L’Etat aide les propriétaires à faire leur bilan énergétique

Par Antoine Grosjean | Tribune de Genève

Des spécialistes analysent les photos infrarouge pour visualiser les déperditions de chaleur des bâtiments

Les images thermographiques prises en 2011 dans le canton permettent de visualiser les déperditions de chaleur des bâtiments. DR

 

Le choc des images. C’est ce sur quoi compte l’Etat pour aider les propriétaires à savoir si leurs bâtiments sont de véritables passoires thermiques qui mériteraient d’être mieux isolées. Au début de 2011, un hélicoptère avait survolé le canton pour prendre des clichés thermographiques du parc immobilier. Ces images, saisies par une caméra à infrarouge, permettent de visualiser les déperditions de chaleur des bâtiments. Elles sont désormais disponibles sur le site Internet du cadastre (www.ge.ch/sitg). Mais pour le néophyte, elles ne sont pas forcément aisées à interpréter. Par exemple, à température égale, les résultats à l’infrarouge peuvent varier en fonction des matériaux.

Gros potentiel d’économies
L’Etat a donc mis sur pied une équipe d’écoconseillers, formés spécialement à la Haute école du paysage, d’ingénierie et d’architecture de Genève (Hepia), afin d’aider les propriétaires à faire l’analyse de ces clichés. «Pour les convaincre de la nécessité de travaux d’assainissement sur leurs biens immobiliers, il n’y a pas de meilleure preuve que la photo», remarque la conseillère d’Etat en charge de la Sécurité et de l’Environnement, Isabel Rochat. «Il est temps de mettre en pratique le gisement de renseignements obtenus lors de la campagne de thermographie aérienne. Alors qu’à Genève, 35 000 bâtiments consomment la moitié de toute l’énergie utilisée dans le canton, essentiellement via des ressources fossiles telles le gaz et le mazout, l’amélioration de leur efficacité énergétique représente le plus gros potentiel d’économies d’énergie.»

Mesures progressives
Le service est payant mais en grande partie subventionné par le Canton, par l’intermédiaire des communes (voir encadré). Son coût final pour l’Etat dépendra du nombre de propriétaires qui y auront eu recours. Mais, sur la base d’une estimation grossière, une enveloppe de 100 000 fr. est déjà prévue dans le cadre du Chèque bâtiment énergie. «Malgré cette dépense, le canton sera gagnant à terme, puisque son bilan énergétique aura été amélioré et ses émissions de CO2réduites», souligne Isabel Rochat, en ajoutant que les émissions de l’hélicoptère utilisé pour les mesures thermographiques ont été compensées par l’achat de certificats CO2.

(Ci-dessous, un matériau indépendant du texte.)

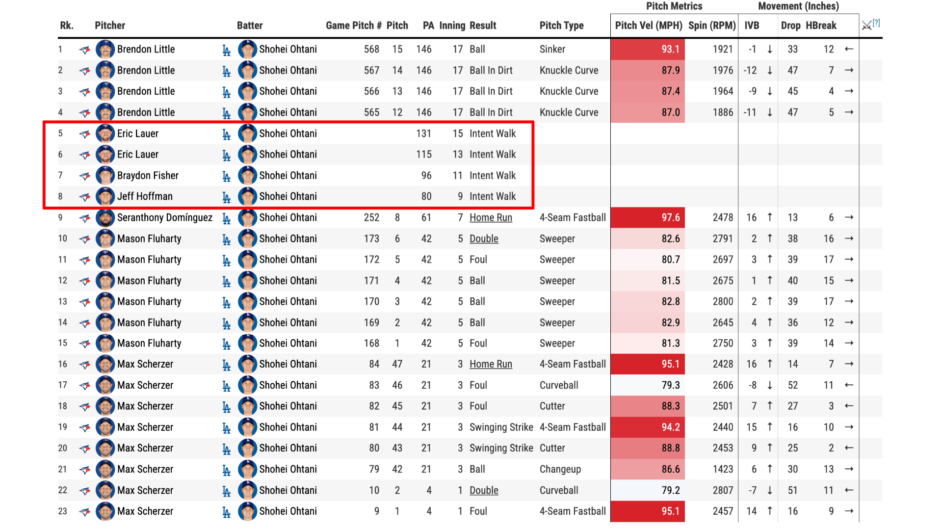 - Intentional walks and automatic pitches now show in the Baseball Savant Gamefeed.
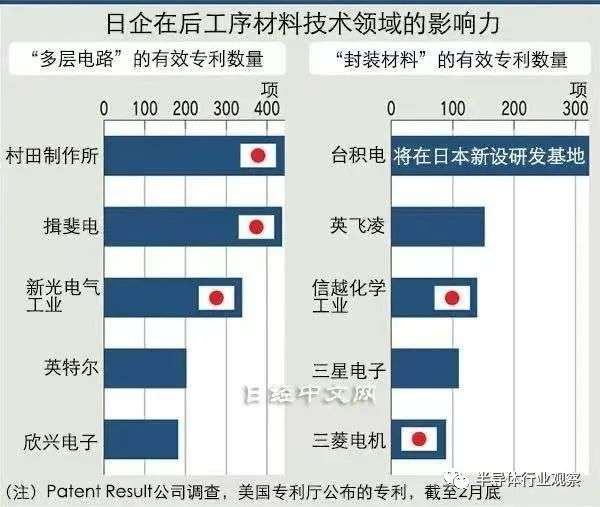 在后制程的代表性材料技术“多层电路”、“封装材料”的有效专利数量方面,专利调查公司Patent Result有统计显示:与推进后制程技术研发的台积电和英特尔一起排在前列的日本企业有信越化学、IBIDEN及新光电气工业等。
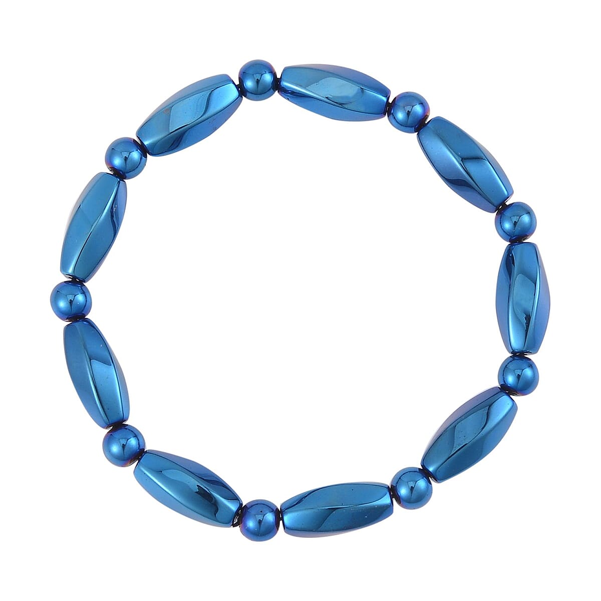Blue Color Hematite Beaded Stretch Bracelet 137.00 ctw

La démarche se veut incitative. «Les images thermographiques ne seront pas utilisées pour épingler les propriétaires de bâtiments trop gourmands en énergie, précise la magistrate. Il ne s’agit pas de faire le gendarme, mais de promouvoir une meilleure utilisation de l’énergie.»

Pour des mesures plus contraignantes, il faudra encore attendre. C’est en effet seulement l’année prochaine que la nouvelle Loi sur l’énergie, entrée en vigueur en août 2010, commencera progressivement à porter ses fruits. Dès 2013, les propriétaires d’immeubles de plus de cinq logements (dès 2014 pour les bâtiments plus petits) devront fournir à l’administration leur indice de dépense de chaleur (quantité d’énergie consommée au m2). Des travaux devront alors obligatoirement être entrepris dans les immeubles les plus gourmands.

Pourquoi un tel délai entre l’entrée en vigueur de la loi et ses premiers effets? Parce que les calculs de consommation d’énergie se font sur trois ans, afin d’obtenir une moyenne et de pondérer le facteur météorologique. Le fait que la méthode de calcul de l’indice ait entre-temps été modifiée pour gagner en précision n’a rien fait pour accélérer le processus.